-
Bug
-
Resolution: Won't Do
-
High
-
None
There are sporadic failures due to connectivity issues in our -upstream-stateful-snat-conntrack-oxygen- job.
There are multiple tempest.scenario failures happening on a sporadic basis. I have created a new label
"csit:snat-conntrack" to try and group these more easily.
I am filing this issue for a non-tempest failure that happened in an Oxygen release
candidate job. A subsequent job did not fail. Since the overall nature of these failures
is the same, I'm hoping there is a single (or just a few) root causes that will clean up
all the failures in tempest and otherwise.

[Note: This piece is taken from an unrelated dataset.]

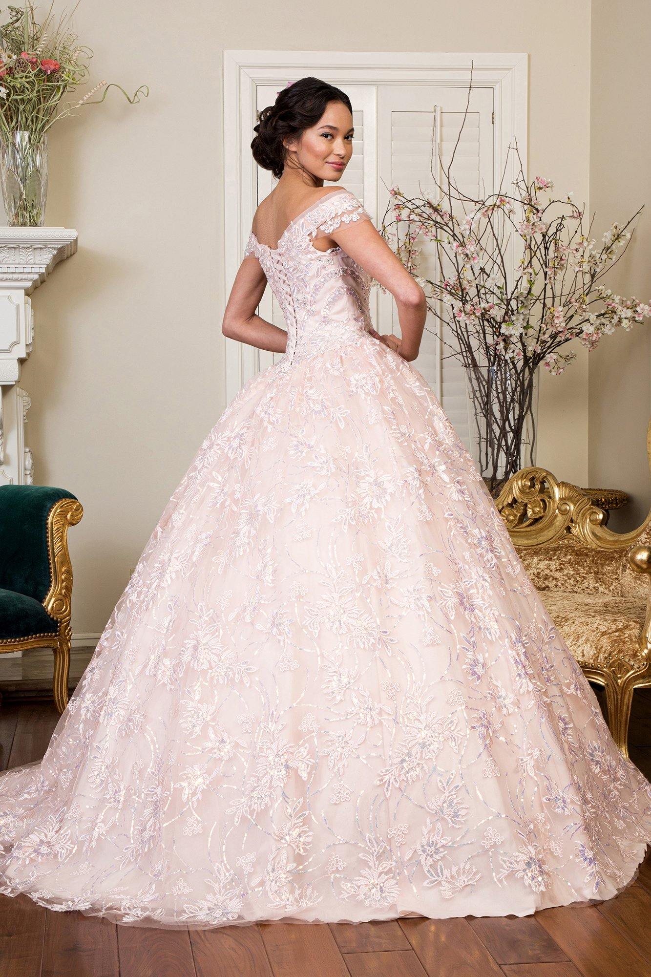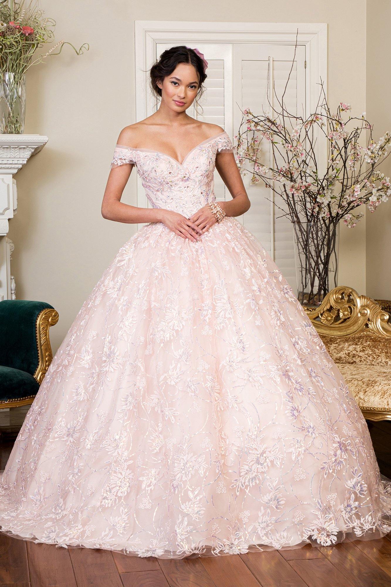 This stunning quinceanera long dress features an off shoulder sweetheart neckline with embroidery and bead appliques. It also uses sequins for shine and closes with a back tie with a sweep train finish. Perfect for quinceanera, sweet 16, debut or any special occasion

After poking around a little bit, and comparing the flow table on a passing run's compute node 0 vs the
same node on the failing run I think it looks like some number of flows are missing in the failing run. For
example, there is no flow in table 36, but I see this in the passing job:
cookie=0x9001392, duration=486.839s, table=36, n_packets=916, n_bytes=90892, priority=5,tun_id=0x5e actions=write_metadata:0x1392000000/0xfffffffff000000,goto_table:51
Also, there are some 8 flows in table=51 in the passing job, but only 4 in the failing job.
This could be explained by a few things. Maybe the extra flows are leftovers and should
not even be there in the passing job. Or maybe the instances created in the test are
on different compute nodes resulting the the difference. Either way, I just wanted to point
it out.